WHAT NEEDS TO BE DONE. Transcribe the lines below exactly. No image belongs in the transcription.

##### INFORMATION SHOWN #####

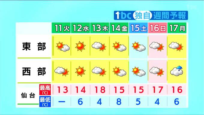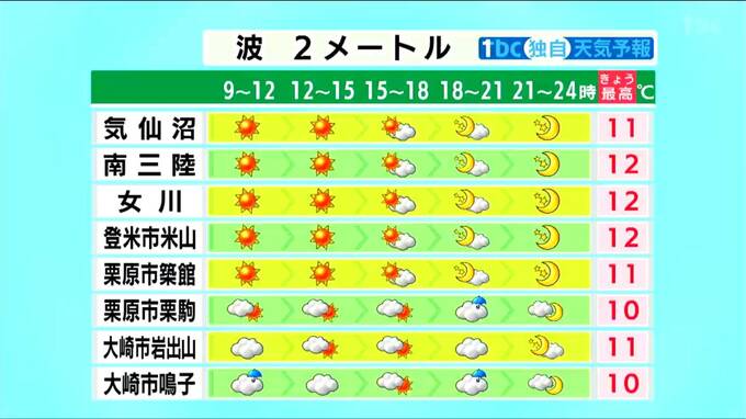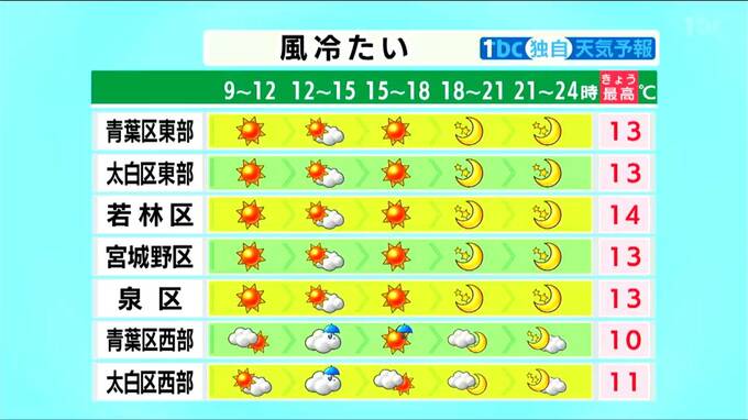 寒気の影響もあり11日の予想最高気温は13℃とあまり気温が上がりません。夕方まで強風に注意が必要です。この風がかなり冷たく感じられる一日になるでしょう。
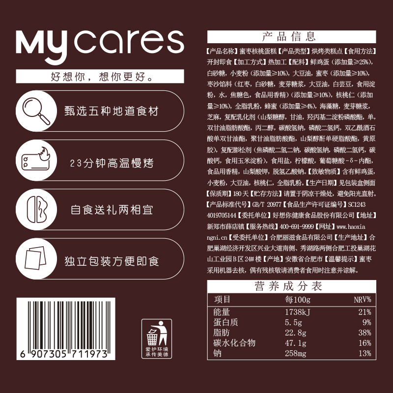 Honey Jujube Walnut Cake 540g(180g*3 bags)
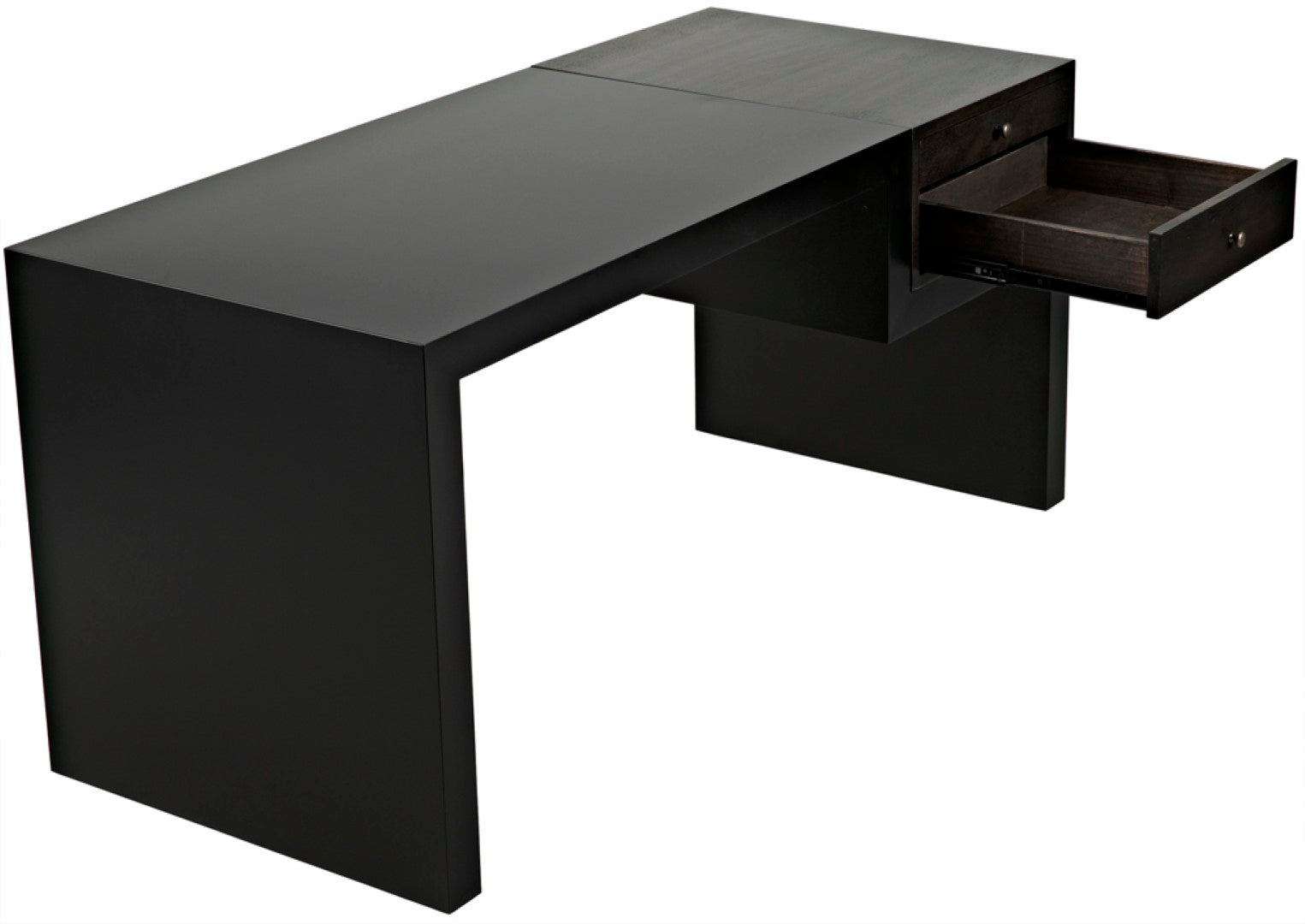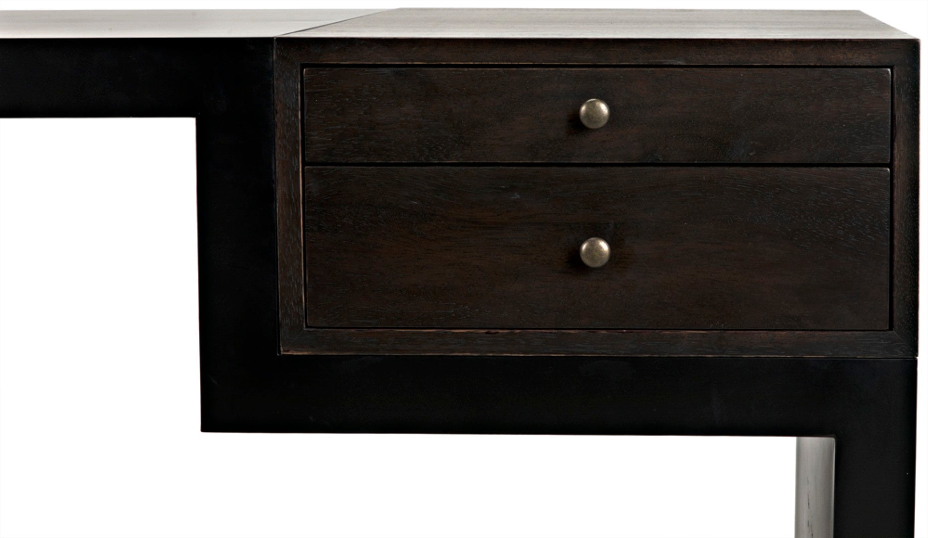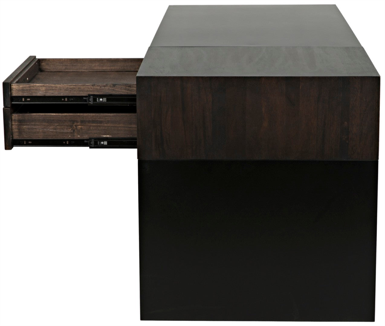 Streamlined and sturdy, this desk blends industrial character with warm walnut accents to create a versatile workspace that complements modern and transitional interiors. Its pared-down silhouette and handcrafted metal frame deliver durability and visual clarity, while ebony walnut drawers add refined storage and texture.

#####

YOUR SOLUTION.
 寒気の影響もあり11日の予想最高気温は13℃とあまり気温が上がりません。夕方まで強風に注意が必要です。この風がかなり冷たく感じられる一日になるでしょう。
 Honey Jujube Walnut Cake 540g(180g*3 bags)
 Streamlined and sturdy, this desk blends industrial character with warm walnut accents to create a versatile workspace that complements modern and transitional interiors. Its pared-down silhouette and handcrafted metal frame deliver durability and visual clarity, while ebony walnut drawers add refined storage and texture.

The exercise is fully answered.